Sunday, March 14, 2010

GOP's 2010 election strategy: repeal healthcare reform

As if liberals need more motivation to push health- care reform, Rush Limbaugh, in a profoundly patriotic move, said last week he'll be "leaving the country" if health care passes. VOTE YES ON REFORM. SEND RUSH PACKING! It's a bumper sticker with the virtue of no reference to "cost curves" or pre-existing conditions.

Progressives are so dispirited—and, like the rest of the country, so sick of talking about sick people—that they can't wrap their heads around the reality that this is the Big One, the Super Bowl, for all the marbles. Mitch McConnell and John Boehner can scowl, but Republicans are now nearly irrelevant to the process. The only real question is if Democrats are in the mood to slit their own throats. The bill is complex, but the politics are simple: if health care doesn't pass this spring, Obama's domestic presidency is finished. The Democratic Party will be, to borrow a phrase from Nixon, a "helpless, pitiful giant." By contrast, if the bill gets signed, Republicans are setting themselves up for a "repeal the bill" campaign that will likely backfire in November's midterm elections. That's eight months away, but if the bill passes I'd bet on the GOP winning only a few new seats.
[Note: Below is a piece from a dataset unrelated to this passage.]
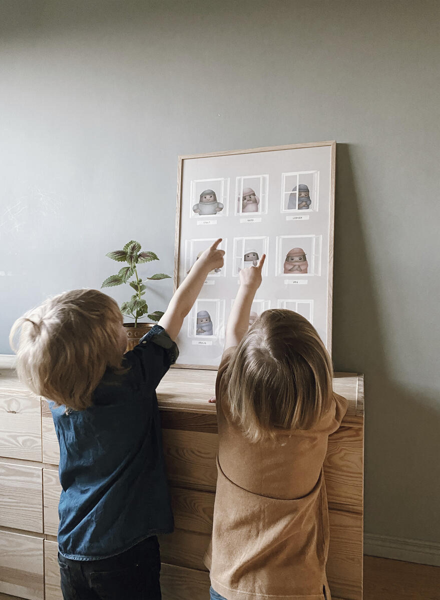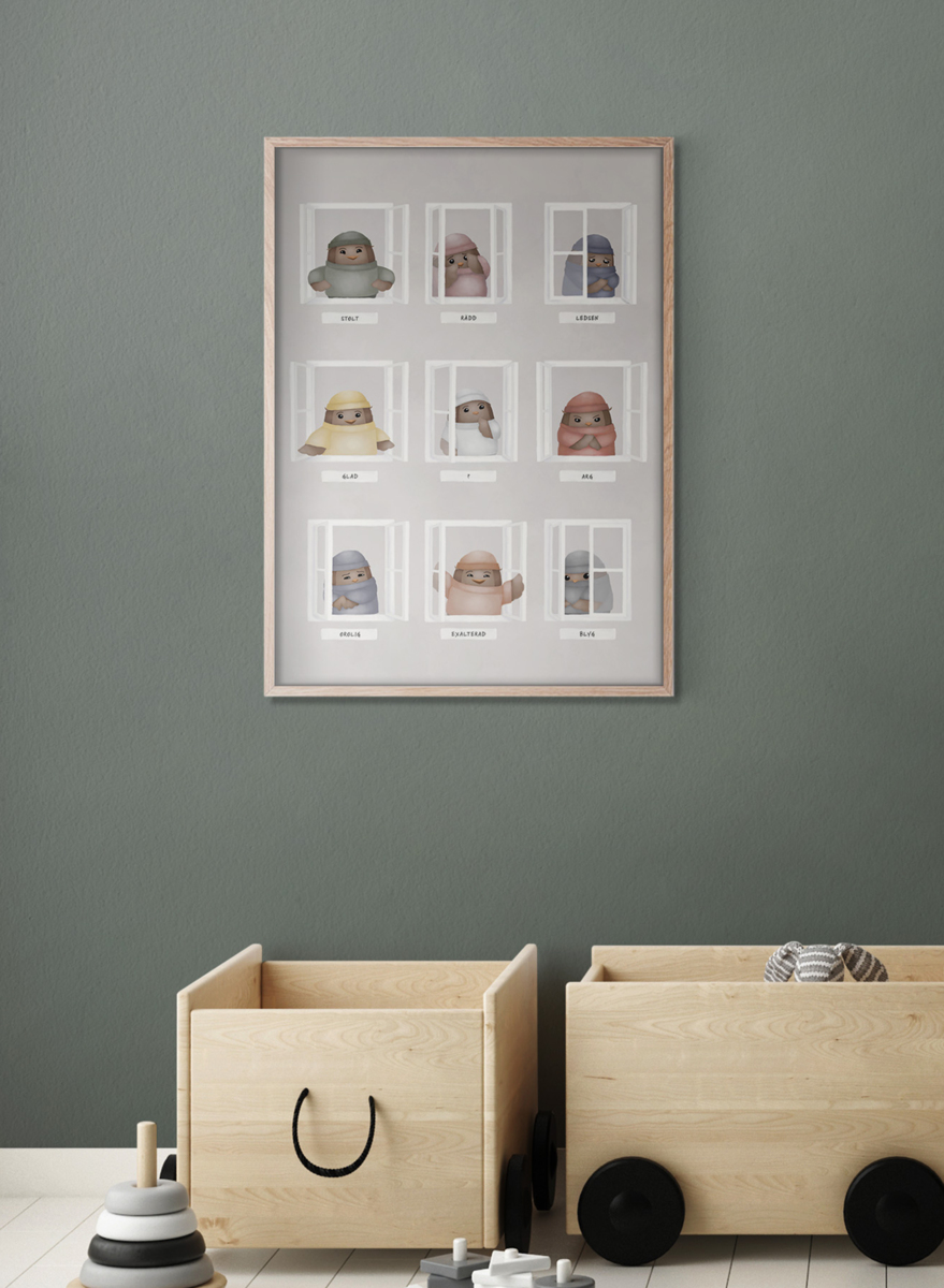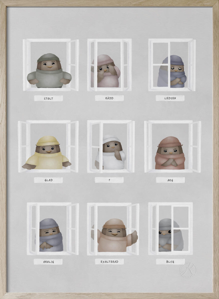 Lär barn att lära känna sina känslor med hjälp av dessa uttrycksfulla ugglor. Glad, blyg, alldeles pirrig inombords av lycka eller förtvivlat ledsen? Känslor kan vara omtumlande stora och inte lätta för barn att förstå eller prata om. När vi lär oss att sätta ord på dem så blir det ofta lättare att förstå vad det är som händer inombords. Hur pratar man om känslor hemma eller med sina kompisar? Är alla känslor tillåtna? Tavlan fångar många av de känslor som barn lätt kan känna igen sig i. Titta på den tillsammans, prata om vad ni ser - vilka känslor har hälsat på i dag, var i kroppen kände du dem? Producerad på miljövänligt, matt premiumpapper 200 g. Pappret är åldersbeständigt och märkt med EU Ecolabel och FSC. Svensktillverkat hos Svanencertifierat tryckeri. Ram eller posterhängare köps separat.

This is Politics 101, a class that many Democrats apparently flunked. The House Democrats who voted for the bill at the end of 2009 have no choice but to vote for it again if they have any clue as to what's in their political self-interest; the he-was-for-it-before-he-was-against-it ads write themselves. And the more conservative Blue Dog Democrats who voted against it need to understand that no matter how toxic health care is in their districts right now, things will be a lot worse if they have to run under the banner of a failed president. Voters won't reward them for being fake Republicans—they'll vote for the real ones instead. ...

These members all know that, according to a Harvard study, 40,000 people a year die for lack of health insurance. Do they want that on their consciences? It's hard to imagine they do. This is their moment of truth as Democrats. Let's face it: if they vote to cripple a Democratic president now, they ain't real Democrats. It's like a Republican voting against Bush's tax cuts. In 2001 no House Republican did.

Ironically, this is not as hard a vote for Democrats as it looks. Sen. John Cornyn, the Texan who heads the National Republican Senatorial Committee, says the midterms should be a "referendum" on repealing the health-care bill (if the bill fails, the Republicans will run against it anyway). Because the insurance-industry reforms kick in immediately, this means Republicans would be running against protections that even those queasy about health-care reform are not going to want stripped away. Whose side will candidates want to be on? The insurers—or average people happy that they have the security of not worrying about their health if they lose their job?

If the Republicans truly believe passage of this bill will ensure electoral victory for their party in 2010, why are they still fighting tooth-and-nail against it? Here's why: A Democrat is in the White House, so repealing healthcare reform next year would require the GOP to control both chambers of Congress with super-majorities -- the 2/3 needed to override Obama's certain veto.

Does anyone think the GOP can capture both houses of Congress in November? Charlie Cook thinks they can take the House with 40 flips, but that's still over 40 seats away from a super-majority. Switching 19 Senate seats and 86 seats in the House (Dems currently hold a 257-175 advantage --3 independents/vacancies at the moment -- and that represents 59.03%-40.23%, nearly precisely the same Senate percentages) is the only thing that gets the Republicans past a presidential veto.

In other words, running on a 'repeal healthcare' platform is tantamount to a lie. But of course, their voters really don't care about the truth anyway.